(Stored data)

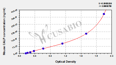 This Mouse CALP ELISA Kit was designed for the quantitative measurement of Mouse CALP protein in serum, plasma, tissue homogenates. It is a Sandwich ELISA kit, its detection range is 6.25 ng/mL-400 ng/mL and the sensitivity is 1.56 ng/mL .
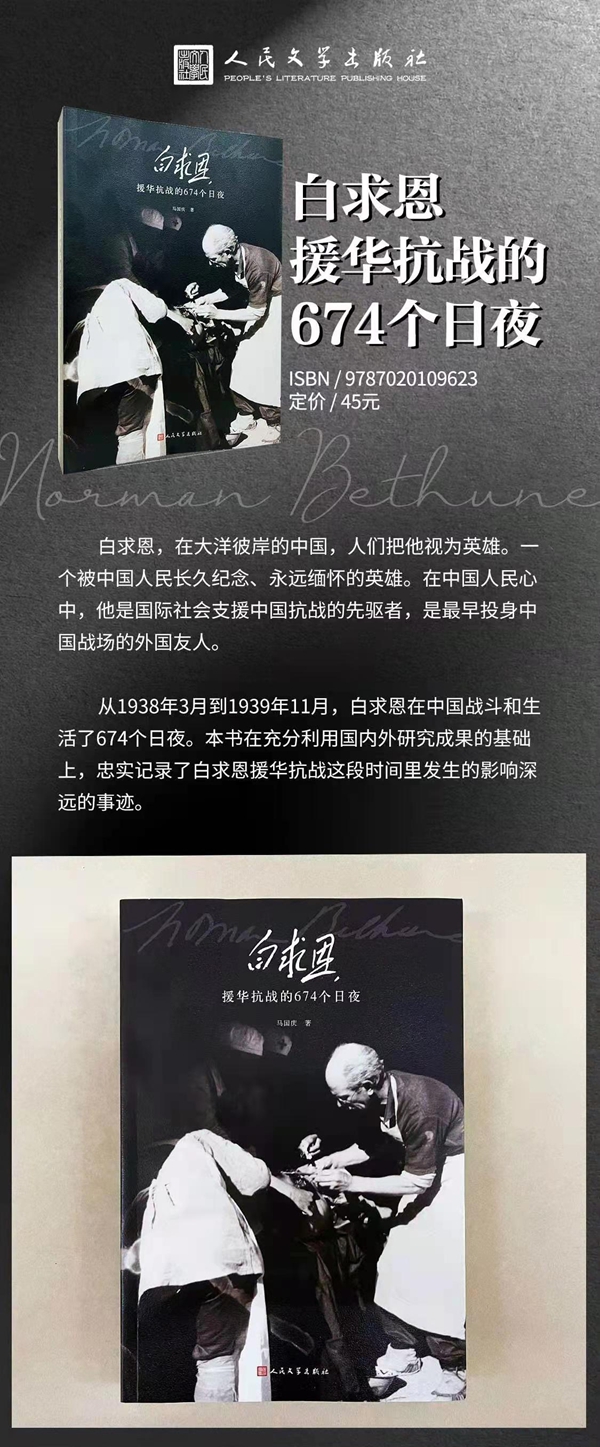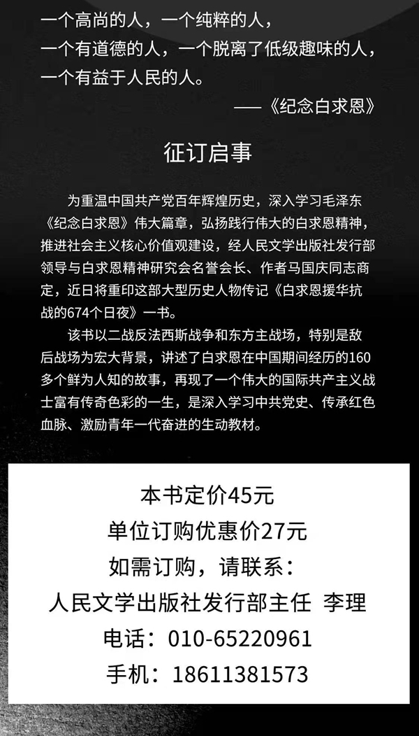 征 订 启 事 (白研发字〔2021〕58号) 各会员单位、各分支机构: 为重温中国共产党百年辉煌历史,深入学习毛泽东《纪念白求恩》伟大篇章,弘扬践行伟大的白求恩精神,推进社会主义核心价值观建设,经人民文学出版社发行部与白求恩精神研究会名誉会长、作者马国庆同志商定,近日将重印大型历史人物传记《白求恩援华抗战的674个日夜》一书。 该书以二战反法西斯战争和东方主战场,特别是敌后战场为宏大背景,讲述了白求恩在中国期间经历的160多个鲜为人知的故事,再现了一个伟大的国际共产主义战士富有传奇色彩的一生,是深入学习中共党史、传承红色血脉、激励青年一代奋进的生动教材。本书订价45元,单位订购优惠价27元。 联系人:人民文学出版社发行部主任 李理 电话:010-65220961/18611381573 白求恩精神研究会 二〇二一年六月十一日
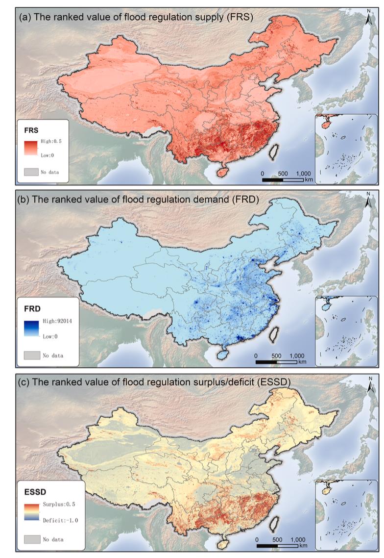 FRESF工具箱2號(hào)模塊的示例輸出,空間明確地繪制了我國(guó)2020年洪水調(diào)蓄生態(tài)系統(tǒng)服務(wù)的供給?。╝)、需求?。╞) 和赤字 (c)
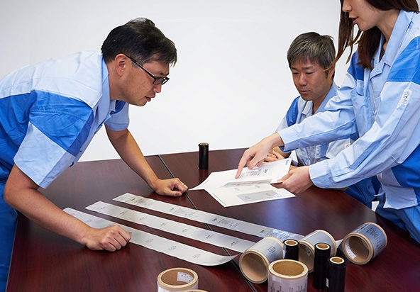 実験とともに重要なのが、工場で製品の再現が可能かどうかを検証する段階だ。実験室で手作業によって作成した材料構成が、そのまま工場の機械で再現できるとは限らない。そんな状況で頼りになるのは、機械を熟知している製造部門のベテラン従業員だ。「狭山工場の製造部門の人たちはプロ意識が高く、我々が開発したものを製品にしようという強い意志があります。耐熱性の高いリボンも、製造部門の人たちの尽力なしには完成できなかった」。
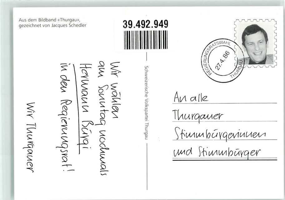 Künstlerkarte Zeichnung J. Schedler Greggenhüsli Bildband
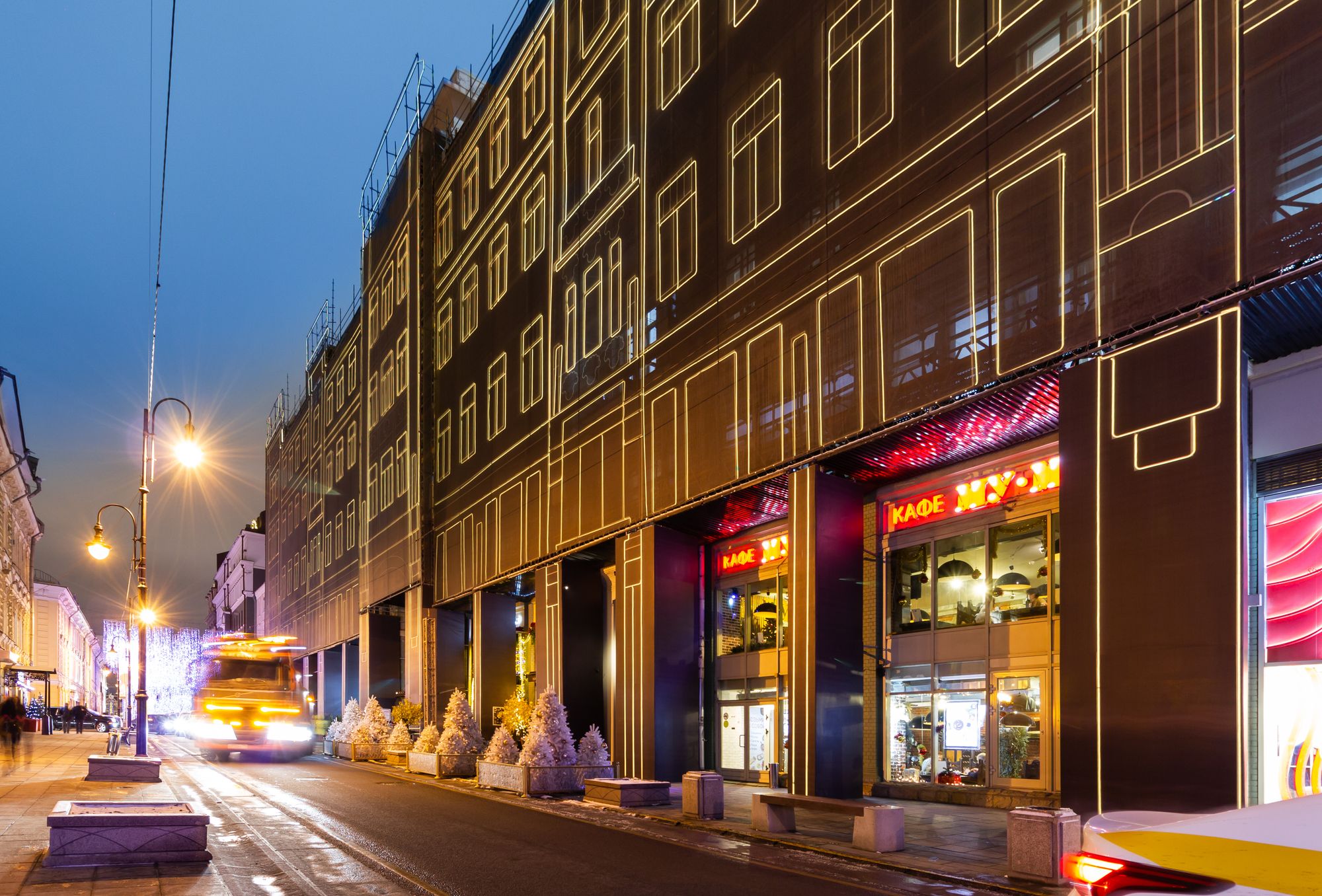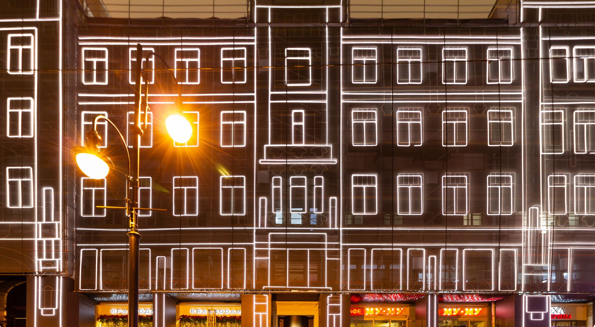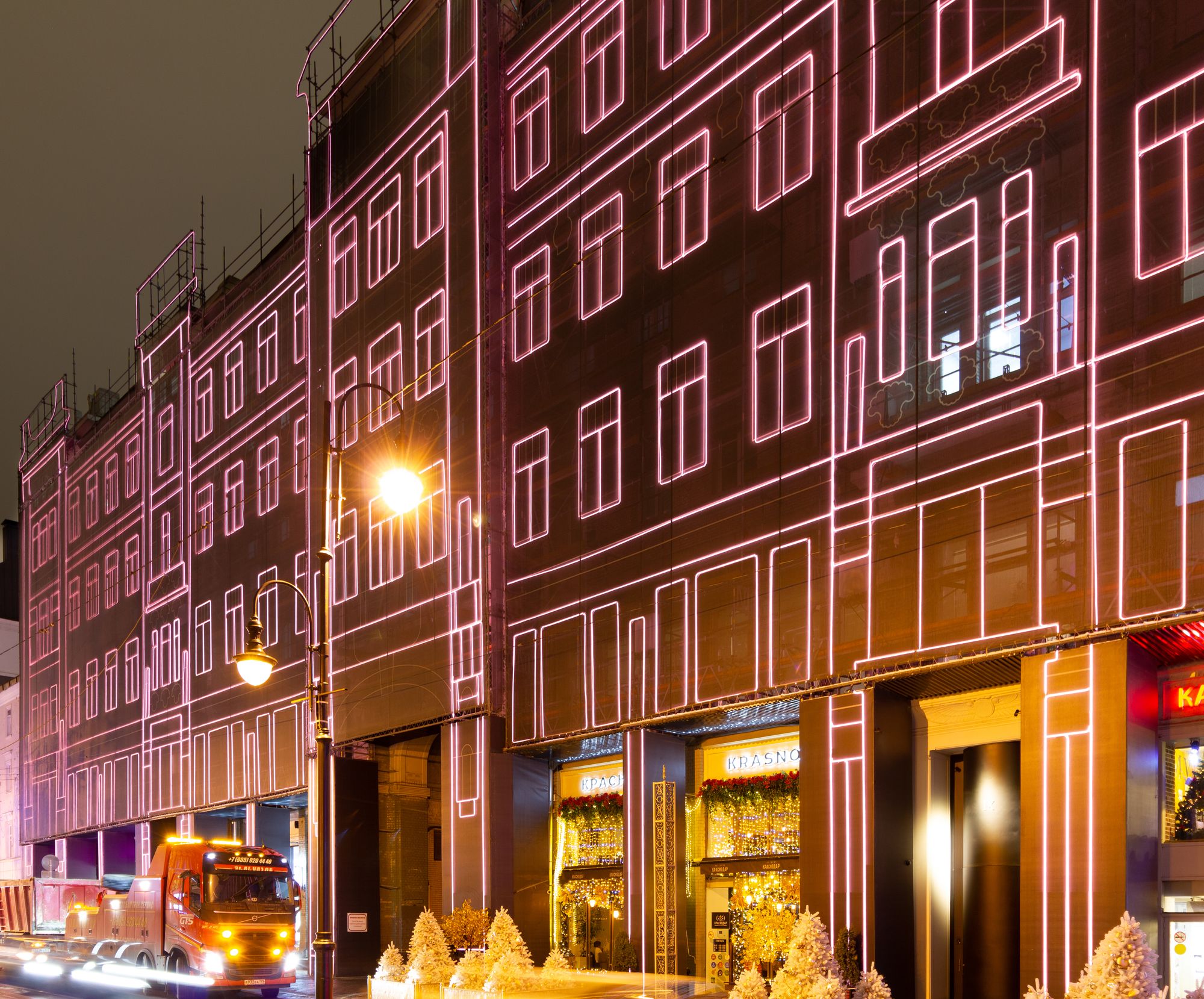 При создании эффектной фасадной подсветки премиального жилого комплекса «Большая Дмитровка IX» было использовано интересное техническое решение. Гибкий неон закреплен на внешней стороне строительной сетки, что позволило проводить отделочные работы и в то же время сделать законченную декоративную подсветку. Возможность изменения цвета RGB-неона с помощью контроллера дает возможность менять световой облик здания. За счет высокой степени пылевлагозащиты IP65 гибкий неон можно эксплуатировать при любых погодных условиях."
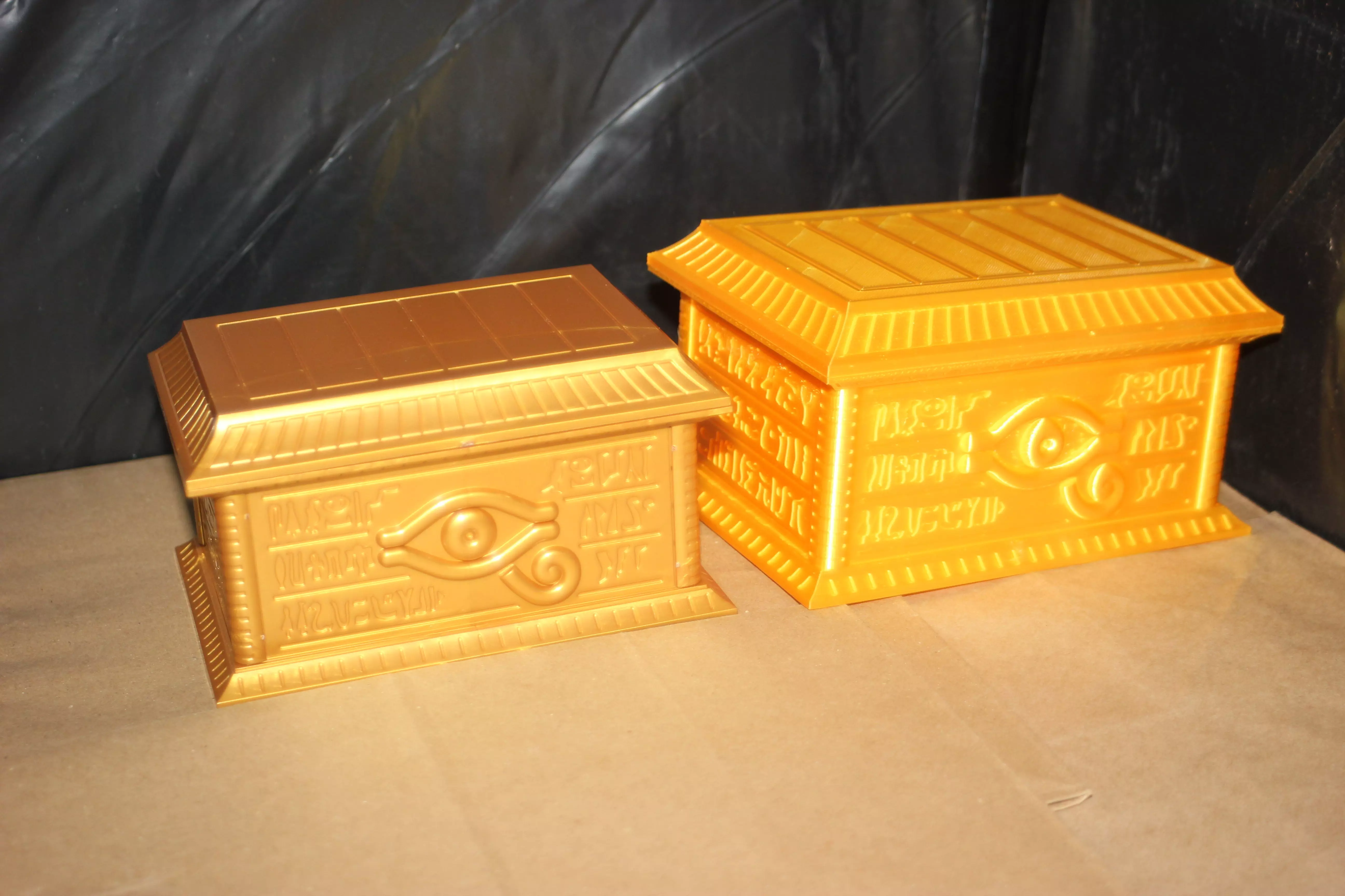 I was extremely irritated to have gotten the new Yu-Gi-Oh Gold Sarcophagus only to find out that it wasn't wide enough to hold two decks side by side. So I made a replica to Print it large enough to fit two decks with additional card sorting dividers that can alsodouble to conceal the cards as well.
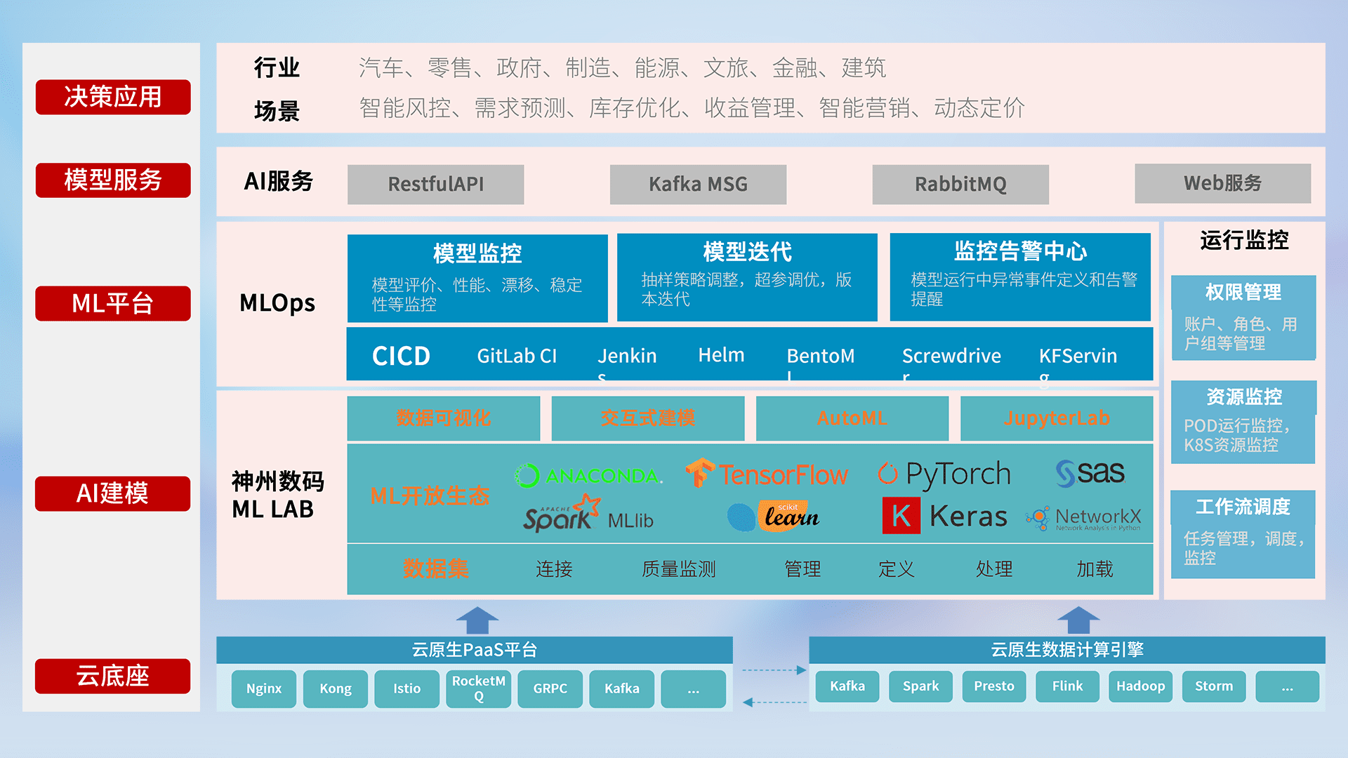 数据+模型双引擎驱动,,面向智能服务场景,,,快速灵活利用AI技术,,支持业务决策,,,,助力企业智能化转型破局。。
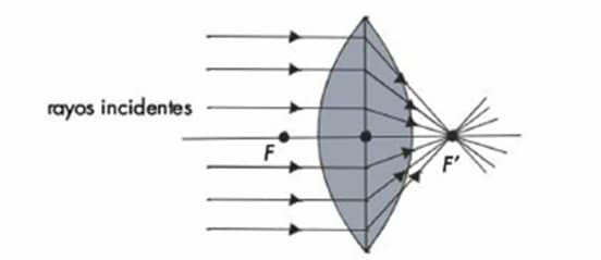 Son los lentes que tienen un grosor mayor en el centro que en los extremos. Y los rayos que llegan paralelos al eje de una lente convergente se refractan y concurren en el foco. (es decir, convergen en el foco).
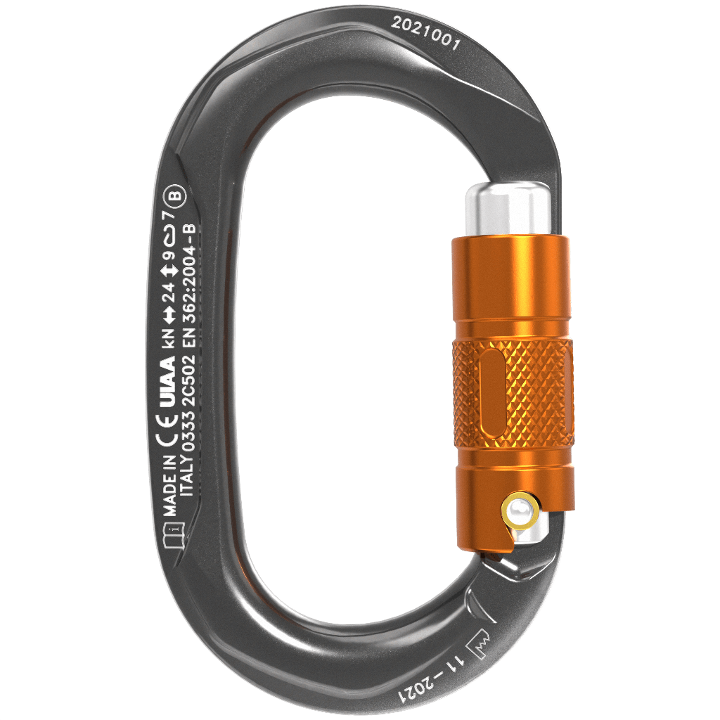 Hot-forged light-alloy oval carabiner with reduced dimensions and triplex gate. Ideal for rope access work, work at height and rescue operations, in particular where space for manoeuvring is limited.

### Assignment
Reproduce exactly the lines above starting at the line containing "Künstlerkarte Zeichnung J." and ending at the line containing "При создании эффектной", including both, but not the pictures.

### Your solution
 Künstlerkarte Zeichnung J. Schedler Greggenhüsli Bildband
 При создании эффектной фасадной подсветки премиального жилого комплекса «Большая Дмитровка IX» было использовано интересное техническое решение. Гибкий неон закреплен на внешней стороне строительной сетки, что позволило проводить отделочные работы и в то же время сделать законченную декоративную подсветку. Возможность изменения цвета RGB-неона с помощью контроллера дает возможность менять световой облик здания. За счет высокой степени пылевлагозащиты IP65 гибкий неон можно эксплуатировать при любых погодных условиях."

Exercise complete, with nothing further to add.